Four years on, I still struggle when it comes time for immunisation injections. I've never liked the idea of taking a perfectly happy child and jabbing them with a needle. Seems a bit cruel to me. I recognise there are completely plausible reasons for it and understand I'd be crazy not to protect my boys. But I doubt I'll ever be comfortable with the process. This time around was a touch more emotional than previous injections. Four year old and eighteen month old immunisations. Together. Ouch!

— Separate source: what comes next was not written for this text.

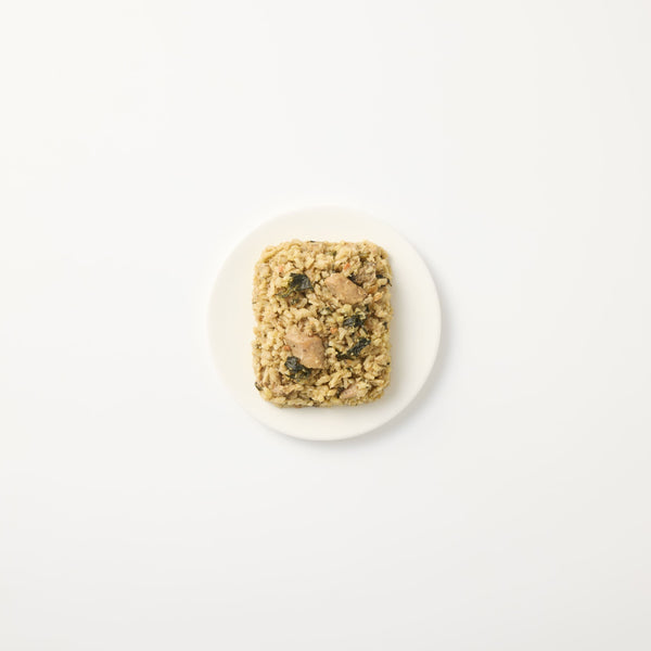 原材料名 | うるち米、鶏肉、舞茸、ほうれん草、豚肉、玄米、椎茸、もち米、人参、玉ねぎ、チーズ、干し海老、カレー粉、大豆油、ひまわり油、鰹出汁、昆布、お茶、胡椒 / V.C(一部に鶏肉、豚肉、乳、海老、大豆を含む) | |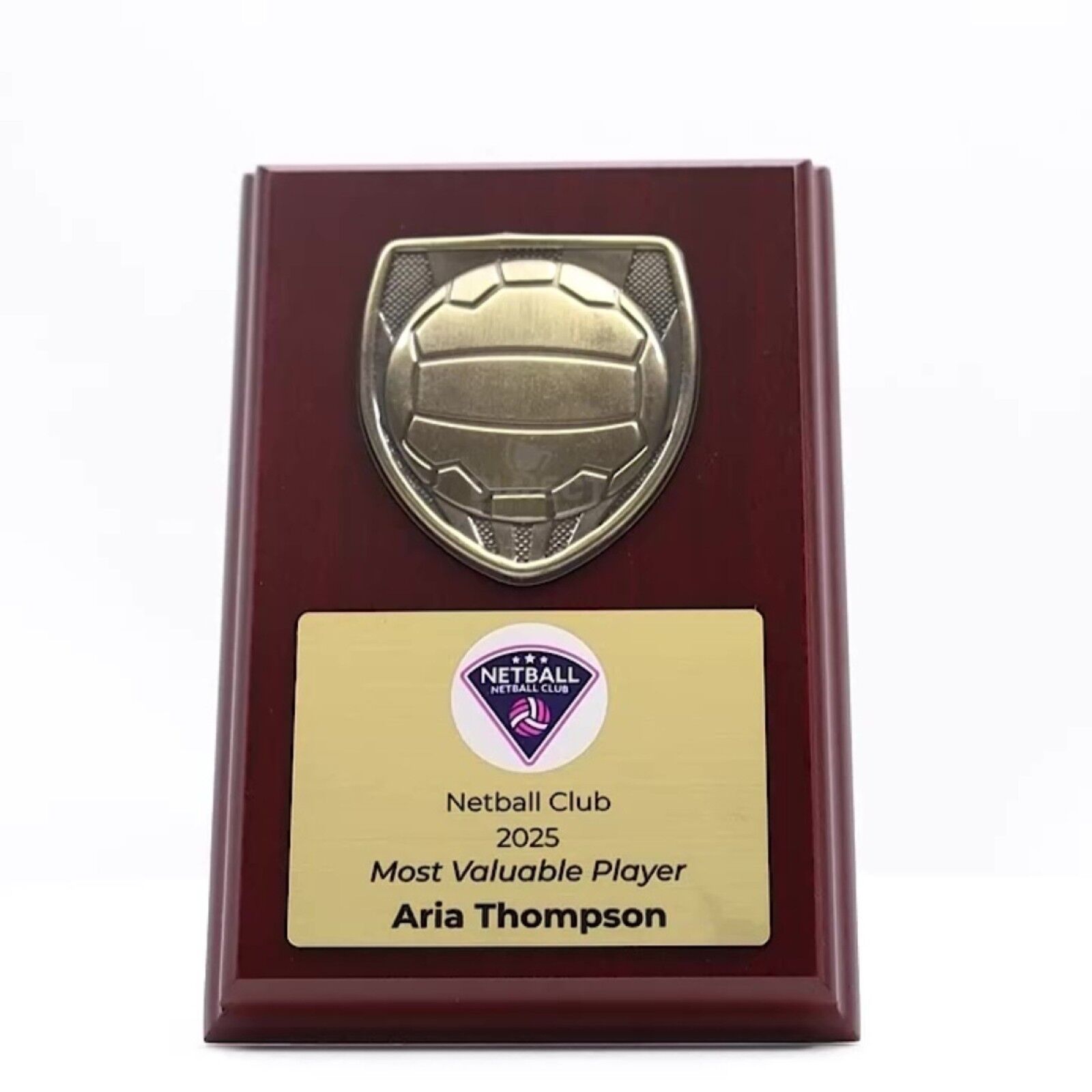 Metnox Trophy Plaque Series – Distinguished sports shield elegantly mounted on a rich rosewood plaque. Featuring a radiant antique gold crest, this award is perfect for recognising MVPs or valued participants. Gold plate can be customisable with your printed logo or image and award description.

I worked myself into such a lather leading up to the appointment, I felt sick. I know the anticipation is often worse than the reality. But that knowledge never seems to help me, when I'm in the middle of a situation. Scott has been in Melbourne for the last few days, the rain has been tumbling down relentlessly and then, the good old needles. Gradually turning the screws a little tighter on my overall sense of being. Angus went first, one shot in each arm. He took the first one well, the second he attempted to dodge and then cried like a banshee. Felix was set off long before Angus even had his needle. Writhing and bucking to get to me... because of course I was holding Angus. Different to his brother, Felix let out one loud yelp following his needle and was over it. Such a tough guy.
What a day. The mornings events rendered us all a bit dysfunctional for the rest of the day. Good timing with the weather not permitting any kind of outdoor activity anyway. Come back sunshine, so that the little fellows can be in the fresh air and warmth. And we can all enjoy some semblance of Summer.
The boys doubling on Felix's little tricycle... in sunnier times (on the weekend actually).